A personal glitch I have, which I’m not super proud of, is my inability to deal with unexpected problems and changes. Like, OK, let’s say I get three graphs of this story written, I forget to hit save, the battery dies, and I lose everything. I’m not one to just rip back open the laptop, get in the same headspace, and go at it all over again. Come to think of it, let me just hit save on this.
Issues far more frustrating got in Kristina Esfandiari’s way when writing new music for her solo project Miserable, namely the material got torched when her hard drive caught on fire. That would be enough to discourage most people after they got all of these songs saved and seemingly secure, but that didn’t deter Esfandiari. The material she created during her residency in Brooklyn flowed from her mysteriously and generously, as she put together the four songs that make up her new EP “Loverboy,” that’s also packaged with a reissue of her hard-to-find 2014 EP “Dog Days.” The music on “Loverboy” is dark, cathartic, and pained, even amid the sometimes bright sheen of these songs that always seem to eventually spill into the shadows. It’s about the frustration of women being objectified and disrespected in society, a punch back to the faces of those who aim to keep them in that position. This paired with “Dog Days” shows a strange contrast from where she was a few years ago with Miserable (those were her first stab at pop songs and have a dark haze like Beach House, Slowdive, and Best Coast) and where she is now (where the songs are more in your face, blunt, and bloody). It also stands far apart from the work Esfandiari does fronting King Woman, so if you’re new to Miserable (they do have four EPs and an LP), you’ll need to adjust.
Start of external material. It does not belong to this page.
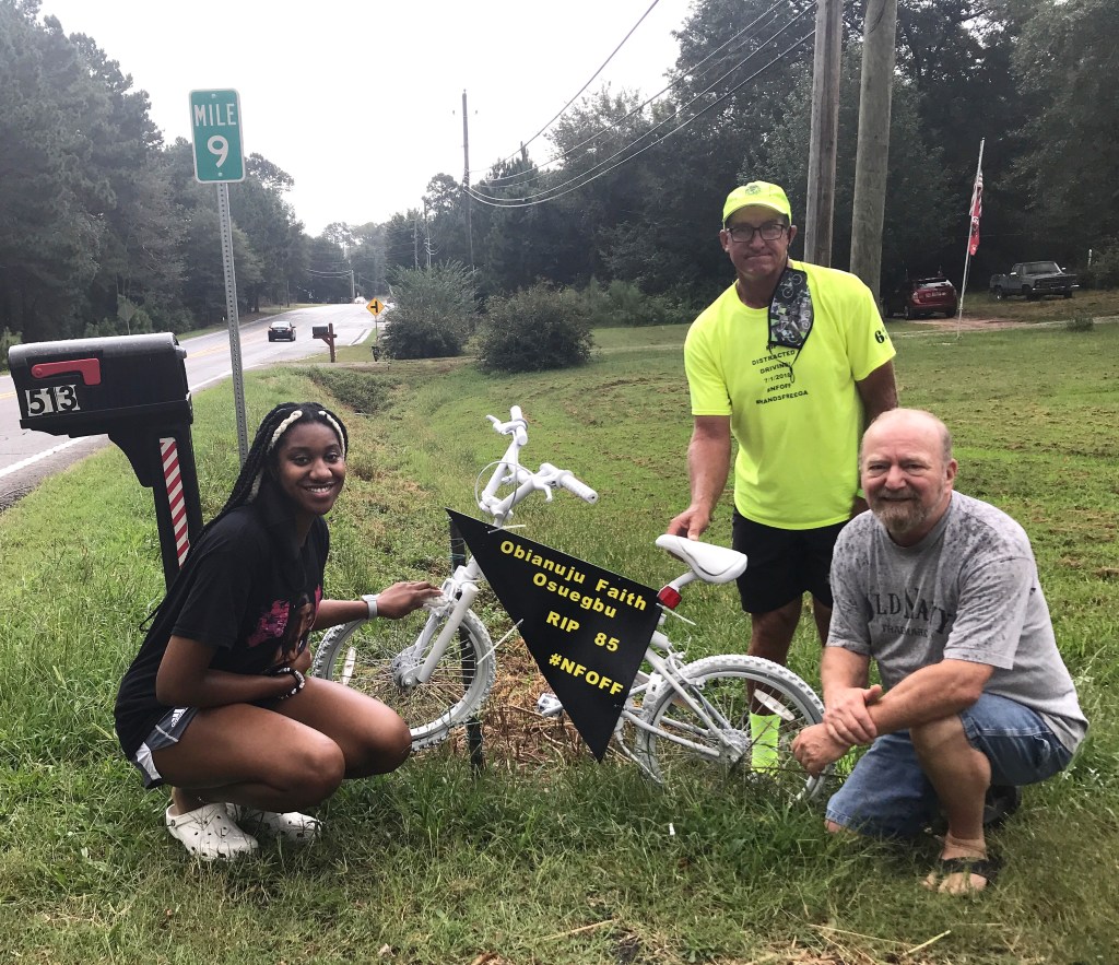 I was there to bear witness this past Saturday at the dedication of the newest ghost bike in the USA, for a 17-year-old girl who was killed while riding her bike home from the supermarket where she worked in Winder, Georgia. Pictured are her sister Toya; Dave Mathews, the man who runs the nonprofit Bike Friendly Atlanta that dedicates these ghost bikes in the southeastern USA (this is his 85th); and Rick, the man who gave permission for the ghost bike to be on his property (in front of which you can still see the police markings).

The title track kicks off the collection, a murky, breathy song that digs its claws right into its prey. “You make me sick, let’s call it what it is, a disappointment,” Esfandiari jabs over the chorus, making her feelings abundantly clear while the song bubbles down dark tributaries, ending with her ensuring you know, “I am not a toy.” “Gasoline” travels over a damaged relationship, though it sparkles and gives off a misleading exuberance. “Oh, I love you, and you love me too, what are we gonna do?” she posits over the chorus, as the song rumbles into the shadows, letting off chills and coming to a rush at the end. This is my personal favorite of the collection. “Cheap Ring” has guitars churning in the shadows, as the sounds rumble in the dark, the drums kick in, and Esfandiari opens up with, “Hard headed, difficult person, I’m sought after I guess, couldn’t care less.” The song keeps rushing and trembling, as Esfandiari pushes past undesirable people, leaving them marked as they should be. “Pain Farm” is one of her bloodiest and, considering we just put a potential sexual assaulter on SCOTUS, most painfully relevant. Starting in a post-punk haze, Esfandiari blasts, “Remember that one time? You felt so inclined, invite yourself to stay the night, with someone who’s blackout drunk, I guess I’ve got all the luck, say I’m pretty when I puke, I can’t even stand up.” The chorus rushes while Esfandiari’s voice quivers and stabs, later wailing out in the haze, bruised but defiant, wishing she could forget what a vile individual did to her.
The “Dog Days” material starts with “Hotel” that is moody and hazy, feeling like you’re trying to see through glazy morning eyes. Guitars swim in dark shadows, as Esfandiari confesses, “Staring at your perfect mouth, oh how closed off I’ve become, I can’t look you in the eyes.” “Fever” is immersed in pop murk, with a dreamy haze wafting, softer singing, and a numbing but rumbling vibe. The track settles into the darkness, as Esfandiari’s singing takes a jazzy turn as the song bleeds away. “High” feels a little more upbeat, yet it’s noise marred as well, with the singing cutting underneath the surface. “Swallow me alive, I’m so high,” she calls, while the music turns into a vortex before getting iced off. Closer “Kiss” drives into noiry territory, as the song takes on the vibe of a numbing torch bearer. “Need to touch you, oh I wanna feel the warm, could this be for real, are you just make believe?” Esfandiari sings, as everything delivers a strange nostalgic vibe. Deep clouds and rain swell, as the keys smear, the ambiance delivers shadows, and the music trickles away into the unknown.
Esfandiari is a unique human whose voice instantly is recognizable and whose slurry haze never fails to capture you in a murky daydream. “Loverboy” may sound exuberant at times, but the music bleeds pain and disappointment, which Esfandiari conveys so perfectly. This along with “Dog Days” make for an intoxicating eight-track listen that demonstrates different sides of this compelling artist.